*** Opening INFORMATION SHOWN ***
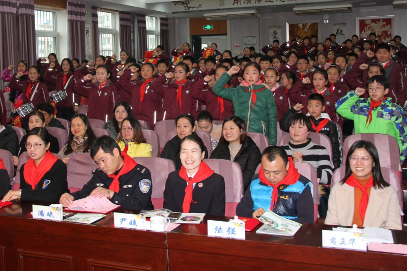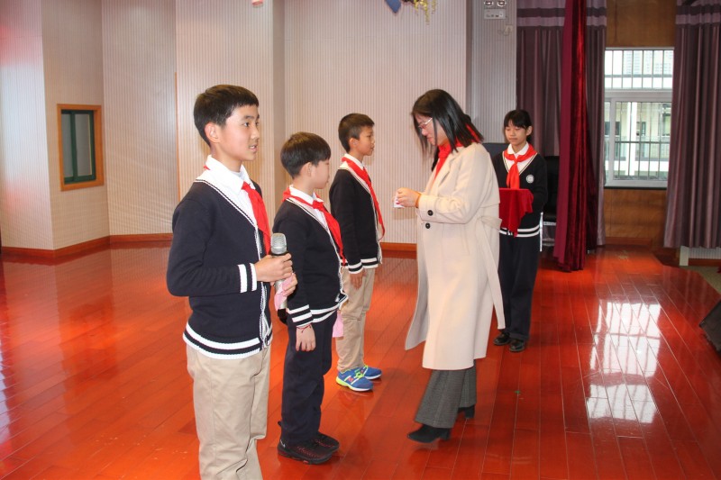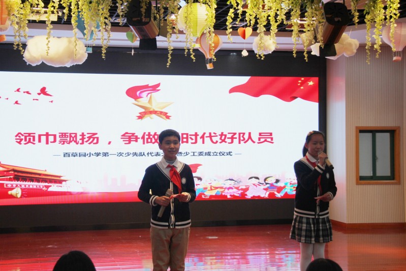 鲜红的领巾,映照着孩子们幸福的脸庞;昂扬的鼓号,激荡着少先队员们纯洁的心房。2018年12月7日,在嘹亮的《中国少年先锋队队歌》歌声中,在慷慨激昂的朗诵《中国话》中,“领巾飘扬,争做新时代好队员”百草园小学第一次少先队代表大会暨少工委成立仪式在四楼报告厅拉开了序幕。 出席此次大会的有芮正华副校长、教导处副主任蒋凯老师、少先队辅导员陈楚阳老师、中队辅导员代表以及优秀少先队员代表。同时,新北检察院的尹媛检察官、三井派出所的潘斌警官、校外心理辅导员蔡虹老师、以及家委会的代表们也来到了大会现场,和少先队员们一起见证、分享幸福时刻,大队委们纷纷为他们敬献上了神圣的红领巾。 首先,芮校长为大会进行了致辞,表达了自己的感谢,感谢少先队员能发挥主人翁的精神,积极为学校献计献策。与此同时,上届少先队大队部的副大队长丁佐昕对本学年的大队部工作情况进行了总结汇报。 为了迎接本次少代会,大队部还发起了“红领巾小心愿小提案”的征集活动,共收到25个中队近50份提案,这些提案涉及到队员们的学习生活、校园活动、校园秩序等方方面面的问题,蒋凯主任对这些小提案进行了详实的回复。 随后,芮校长还为新一届大队长和增补大队委进行了授标。小小的一枚标志,承载着一份沉甸甸的责任,时刻提醒队员不负众望、牢记嘱托。新当选的大队长潘佑嘉还发表了就职感言,他表示将会用更积极的姿态去完成各项工作,用“热心”和“真诚”为同学服务,用“信心”和“创新”开展活动。 少年强则国强,少年进步则国进步。少年儿童健康成长,是国家和民族的共同心愿。本次少代会上,百草园小学第一届学校少先队工作委员会宣告成立。校少工委由张红梅书记任少工委主任,芮正华和鞠晓雅两位副校长任副主任,少工委委员由德育主任、大队辅导员、优秀中队辅导员、优秀家长代表等组成。学校少工委的成立使少先队工作再上一个新台阶,更好地为广大少先队员服务,使学校少先队组织真正成为少先队员展示自我,快乐成长的大舞台。 最后,队员们高举右拳在陈老师的带领进行了庄严的呼号,每一次呼号都增加了队员的荣誉感和归属感。伴随着雄壮的退旗曲,百草园小学第一次少代会暨少工委成立仪式落下了帷幕。相信美丽的百草娃们定会牢记使命,高举星星火炬,继续谱写百草园少先队事业发展的新篇章!
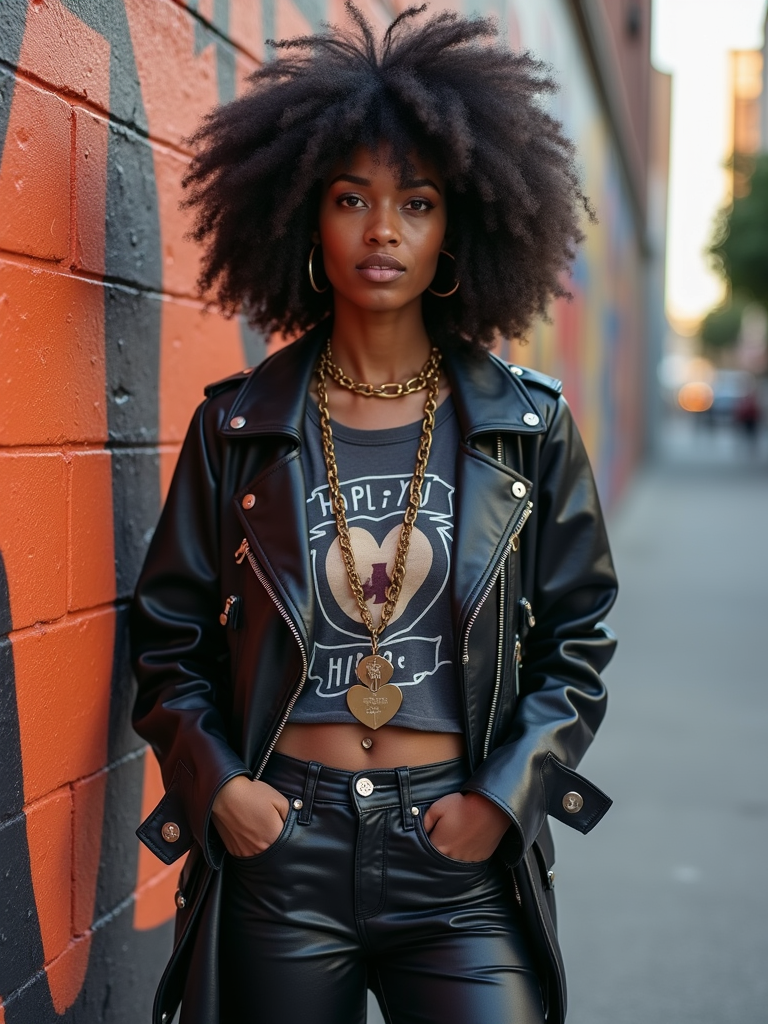 charismatic feminine model showing off an edgy streetwear look against an urban wall
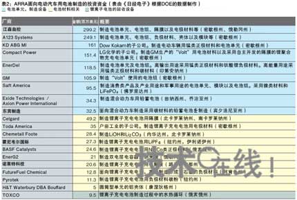 在奧巴馬政權(quán)的經(jīng)濟(jì)刺激政策“ARRA”的7872億美元中,美國(guó)能源部(DOE)將其中的14億9190萬(wàn)美元用于電動(dòng)車輛用充電電池的生產(chǎn)(表2)。利用該ARRA投資的條件是,接受投資的企業(yè)需要自行準(zhǔn)備與投資額大致相同的資金,因此共計(jì)有約30億美元的資金用于電池生產(chǎn)。
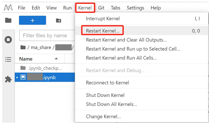 重启Kernel方式:点击左上工具栏中的Kernel->Restart Kernel,如下图所示
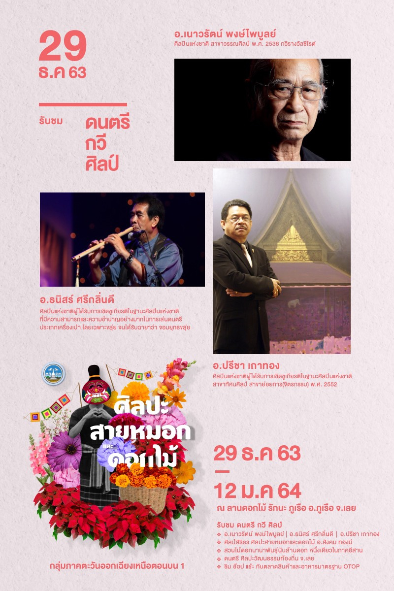 กิจกรรมภายในงาน รับชมภาพวาดจากศิลปินแห่งชาติ สาขาทัศนศิลป์ สาขาย่อยการจิตรกรรม ปี 2562 และร่วม ชิม-ช็อป ไปกับสินค้าของฝาก อาหารขึ้นชื่อและของที่ระลึกอีกมากมาย ตั้งแต่วันที่ 29 ธันวาคม 2563 ถึง 12 มกราคม 2564 ณ ลานไม้ดอก รักนะ หน้าที่ว่าการอำเภอภูเรือ จังหวัดเลย
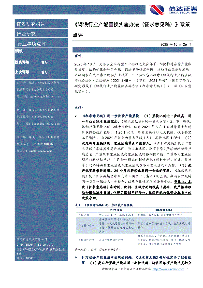 钢铁行业:信达证券-钢铁行业:《钢铁行业产能置换实施办法(征求意见稿)》政策点评-251026
*** Closing INFORMATION SHOWN ***
**WHAT THE TASK ASKS**
Please repeat, exactly as written, only the lines from the line with "กิจกรรมภายในงาน รับชมภาพวาดจากศิลปินแห่งชาติ สาขาทัศนศิลป์" to the end of the data, leaving out every picture.

**RESULT FOR THIS EXERCISE**
 กิจกรรมภายในงาน รับชมภาพวาดจากศิลปินแห่งชาติ สาขาทัศนศิลป์ สาขาย่อยการจิตรกรรม ปี 2562 และร่วม ชิม-ช็อป ไปกับสินค้าของฝาก อาหารขึ้นชื่อและของที่ระลึกอีกมากมาย ตั้งแต่วันที่ 29 ธันวาคม 2563 ถึง 12 มกราคม 2564 ณ ลานไม้ดอก รักนะ หน้าที่ว่าการอำเภอภูเรือ จังหวัดเลย
 钢铁行业:信达证券-钢铁行业:《钢铁行业产能置换实施办法(征求意见稿)》政策点评-251026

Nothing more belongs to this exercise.